The Imposter suddenly ran into Peacepaw’s domain. “Hm… This is the home of
another of Al’s enemies…”
“Welcome Friend!” The loving Lupe smiled, popping out from behind a tree.
“This is our utopia, where we can enjoy our lives and sing songs about happi-AAAAAACK!!”
The imposter had grabbed Peacepaw around the neck. “Sing one happy song and
I’ll make you eat your tail.”
“Woah, man, let’s not get narky here, can’t we all just get aloOOOOOCK!!”
“QUIET FOOL! Where is the one named Creeper?” Peacepaw clutched feebly at
the Imposter’s arm. “Another mile that way, in the hidden tree house. Please,
I just want to be friends.” Peacepaw was dropped onto the ground, clasping his
neck and gasping.
“Thank you.”
The Imposter was about to leave when Peacepaw decided to open his big mouth.

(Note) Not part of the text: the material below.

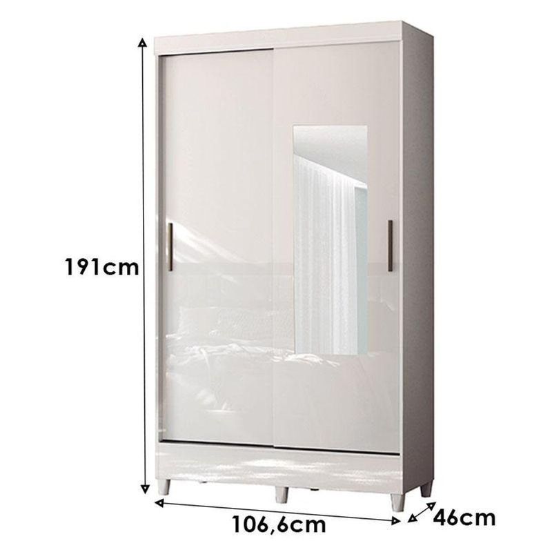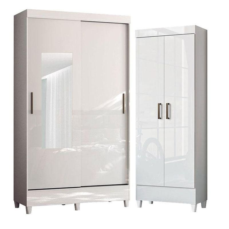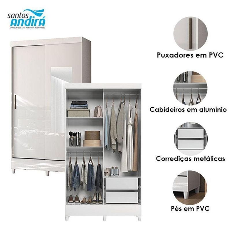 Guarda Roupa Solteiro 2 Portas De Correr Com Pés E Espelho Fit Com Armário Multiuso Fit Branco Brilho - Santos AndiráGuarda Roupa Solteiro 2 Portas de Correr com Pés e Espelho Fit com Armário Multiuso Fit Branco - Santos AndiráPrático e moderno, o Guarda-Roupa Fit da Santos Andirá é ideal para otimizar espaços. Possui 2 portas, sendo uma com espelho, além de armário multiuso integrado, oferecendo excelente organização para roupas, calçados e acessórios. Acabamento na cor Jequitibá, que traz elegância ao ambiente. Produto resistente, funcional e perfeito para o dia a dia.Guarda Roupa Solteiro 2 portas de correr com espelho e pés Fit Branco Acetinado- Santos AndiráCaracterísticas técnicas:- Desenvolvida em MDP- Pintura em Verniz Brilhante- 2 Gavetas com Corrediças Metálicas- Puxadores em PVC- Móvel 100% em 12 mm- 2 Cabideiros em alumínioDimensões:Altura: 191 cmLargura: 106,6 cmProfundidade: 46 cmMultiuso com pés Fit Branco Acetinado - Santos AndiráCaracterísticas técnicas:- Desenvolvida em MDP- Pintura em verniz brilhante- Puxadores em PVC- Pés em PVC- Amplas prateleirasDimensões:Altura: 165,5 cmLargura: 60 cmProfundidade: 31,2 cmInformações importantes:* Não acompanha decorações e acessórios* Nossas cargas possuem seguro, portanto, no ato da entrega, confira a quantidade de volumes recebida, e também o estado da embalagem. Se houver qualquer inconsistência, não assine o comprovante de entrega;* O armazenamento do produto no endereço de entrega é de responsabilidade do comprador. Evite apoiar o produto na vertical, bem como evite áreas que deixem o produto exposto a chuva ou umidade excessiva;* Pequenas variações de tonalidade são possíveis, em razão da diferença de resolução da tela onde o anúncio está sendo visualizado. Se notar diferença expressiva, comunicar a empresa antes de efetuar a montagem;* O serviço de entrega contratado contempla a entrega até a primeira área coberta ou portaria, não sendo coberto o ato de subir escadas/elevadores ou adentrar nas residências;* Não nos responsabilizamos pela montagem, desmontagem ou instalação do produto.

“Hey, would you like a rice cake to see you off?”
The imposter whirled around, his face full of menace. “That is enough, Lupe.”
With a quick grab and a hard toss, Peacepaw was hurled into a nearby tree, his
head sticking out of the other side of the trunk. “What… a… nark…” He managed,
before collapsing.
Right at that moment, Al was waddling into Lupe Forest. He carried his handy
dandy tape recorder, notebook, camera, and also a few potions on the occasion
he had to fight. Fluffy followed behind him, armed with his headphones and M*YNCI
CD and prepared to assist his owner should he get into another mess. “All right,
we just need to find a test subject…” He looked into his notebook of Lupes.
“Hm…”
The Imposter waddled up the path, his thoughts wandering. “I can almost feel
him, that monstrously ugly goody-two shoes, simpering along the path, getting
closer into my range, and then meeting his impossible to escape doom…”
Al waddled down the path, his thoughts wandering. “I wonder… should I make
the spaghetti with that new oregano-based sauce, or should I stick to garlic?”